** What to work on **
Word for word, return each entry that follows, with every image removed.

Records contained in a dataset

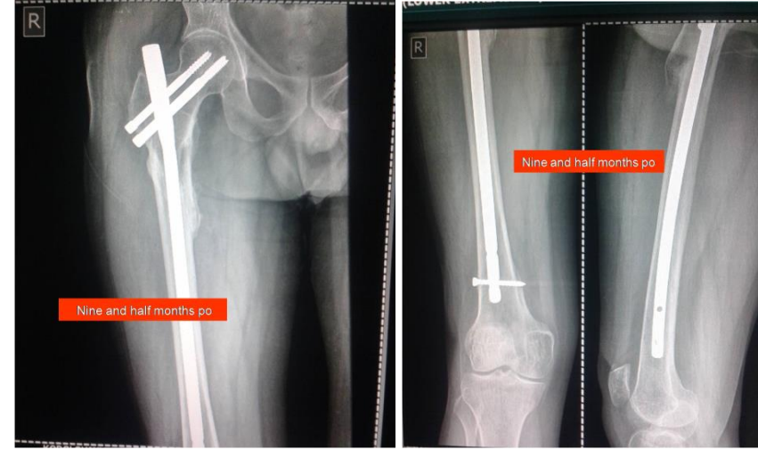
Nine months follow up full union
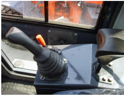
Hydraulic Joystick Control + Quick Hitch Lever + Armrest
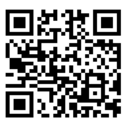
[ SCAN QR CODE ]
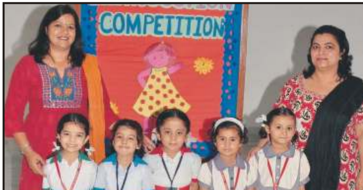
Sunshine smile on the faces of the winners of Self-Introduction Competition of Sapling.
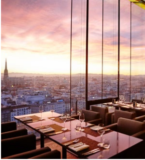
Senior Dialogues, Formal Reception & Dinner at The Loft, SO/ Vienna
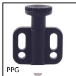
PPG Indexing plunger with flange, With horizontal mounting flange
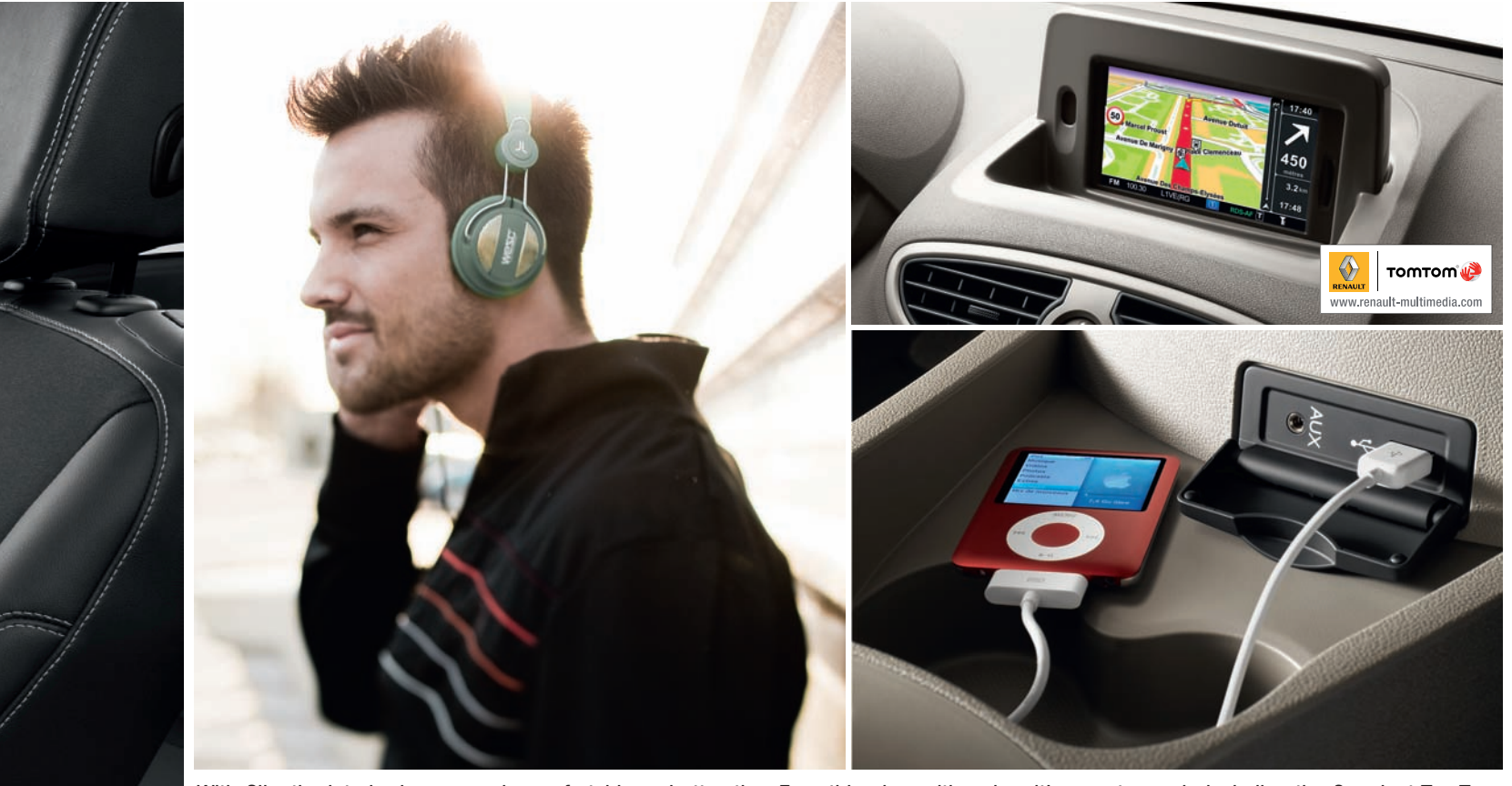
With Clio, the interior is supremely comfortable and attractive. Everything is positioned so it's easy to reach, including the Carminat TomTom. Carminat TomTom makes navigation simple. It is Renault's latest GPS navigation system and is the fruit of an exclusive partnership between Renault and TomTom, to produce a fully integrated navigation unit at an affordable price. And now, Renault offers Carminat TomTom<sup>®</sup> LIVE. Developed with TomTom<sup>®</sup>, the globally recognised specialist, the Carminat TomTom<sup>®</sup> LIVE system brings together a complete range of high-performance and accessible functions, with its intuitive remote control. With one safe movement, you can benefit in real time from high definition traffic information or mobile speed camera warnings. It's easy to update too, with a wide range of online services.

** Reply to the exercise **
Nine months follow up full union
Hydraulic Joystick Control + Quick Hitch Lever + Armrest
[ SCAN QR CODE ]
Sunshine smile on the faces of the winners of Self-Introduction Competition of Sapling.
Senior Dialogues, Formal Reception & Dinner at The Loft, SO/ Vienna
PPG Indexing plunger with flange, With horizontal mounting flange
With Clio, the interior is supremely comfortable and attractive. Everything is positioned so it's easy to reach, including the Carminat TomTom. Carminat TomTom makes navigation simple. It is Renault's latest GPS navigation system and is the fruit of an exclusive partnership between Renault and TomTom, to produce a fully integrated navigation unit at an affordable price. And now, Renault offers Carminat TomTom<sup>®</sup> LIVE. Developed with TomTom<sup>®</sup>, the globally recognised specialist, the Carminat TomTom<sup>®</sup> LIVE system brings together a complete range of high-performance and accessible functions, with its intuitive remote control. With one safe movement, you can benefit in real time from high definition traffic information or mobile speed camera warnings. It's easy to update too, with a wide range of online services.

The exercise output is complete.